"Hunger Is A Political Choice": Politicians, football clubs, medics, academics, trade unions, mayors, councils and voluntary organisations come together to deliver an urgent letter – and message – to Chancellor Rishi Sunak.


Liverpool West Derby MP Ian Byrne this afternoon led a delegation of Right To Food campaign supporters to Downing Street to deliver a letter – and a
message – to Chancellor Rishi Sunak ahead of Wednesday’s Spring Budget. Eleven million people in the UK now experience food insecurity and this situation will continue to get worse as people face the worst cost-of-living crisis in 30 years. Millions of people now face a choice between whether to
freeze or starve in their homes as the cost of energy, food, essentials and bills all rise dramatically.


The Right To Food campaign believes that Hunger Is A Political Choice and has today delivered a letter to the Chancellor from Right To Food campaign leader Ian Byrne MP, co-signed by a wide range of campaign supporters, which urges Mr Sunak to deliver on five key demands of the Right To Food campaign in Wednesday’s mini budget.
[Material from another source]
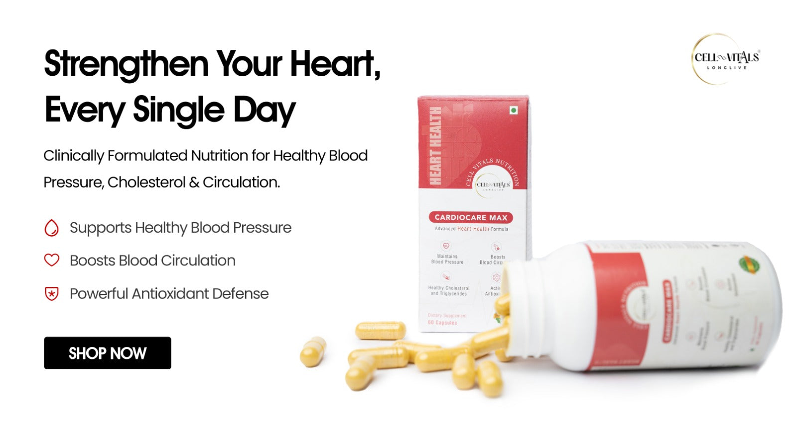 Explore doctor-formulated heart health supplements by Cell Vitals Nutrition. Support blood pressure, cholesterol balance, circulation & heart energy naturally.
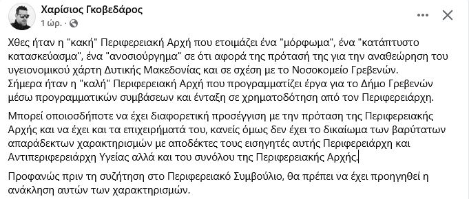 Με ανάρτησή του στα μέσα κοινωνικής δικτύωσης, ο περιφερειακός σύμβουλος Χάρης Γκοβεδάρος σχολίασε με αιχμηρό τρόπο τη στάση του Δημάρχου Γρεβενών Κυριάκου Ταταρίδη, με αφορμή τις πρόσφατες τοποθετήσεις του για την πρόταση της Περιφερειακής Αρχής σχετικά με την αναθεώρηση του Υγειονομικού Χάρτη Δυτικής Μακεδονίας.

Signatories to Ian Byrne MP’s letter to Chancellor Sunak include:
• Liverpool FC
• Liverpool FC Women
• Liverpool FC Foundation
• Everton FC
• Millwall FC
• Millwall FC Community Trust
• Greater Manchester Mayor Andy Burnham
• Liverpool City Region Mayor Steve Rotherham
• Liverpool Mayor Joanne Anderson
• North of Tyne Mayor Jamie Driscoll
• Sharon Graham, General Secretary of Unite the Union
• Gary Smith, General Secretary of GMB
• Ian Hodson, President of The Bakers Food and Allied Workers Union (BFAWU)
• Sarah Woolley, General Secretary of BFAWU
• Dave Ward, General Secretary of the Communication Workers Union
• Dr Mary Bousted and Kevin Courtney, joint General Secretaries of the National Education Union (NEU)
• Cllr Nick Forbes, Leader of Newcastle City Council
• Cllr Chris Read, Leader of Rotherham Metropolitan Borough Council
• Cllr Keith Aspden, Leader of City of York Council
• Cllr Matthew Brown, Leader of Preston City Council
• Cllr Terry Fox, Leader of Sheffield City Council
• Professor Michel Pimbert, Agroecology and Food Politics, Coventry University
• Dr Regina Keith, Food, Nutrition and Public Health, University of Westminster
• Professor Eileen O’Keefe, Emeritus of Public Health, London Metropolitan University
• Professor Ian Sinha, Consultant Respiratory Paediatrician, Alder Hey
Children’s Hospital, Liverpool
• Professor John O’Keefe, Professor of Cognitive Neuroscience, University College London
• Fans Supporting Foodbanks
• Churches Together Merseyside
• 25 Members of Parliament


The letter from Ian Byrne MP on behalf of the Right To Food campaign tells Chancellor Sunak that the Government is responsible for creating an
environment that is pushing millions of families into food poverty. It reads: “The political choices you make over the next few months are the difference between life and death for the most vulnerable in our communities. Hunger is a political choice. Fuel poverty is a political choice. Choices made by your Government. Something must change.”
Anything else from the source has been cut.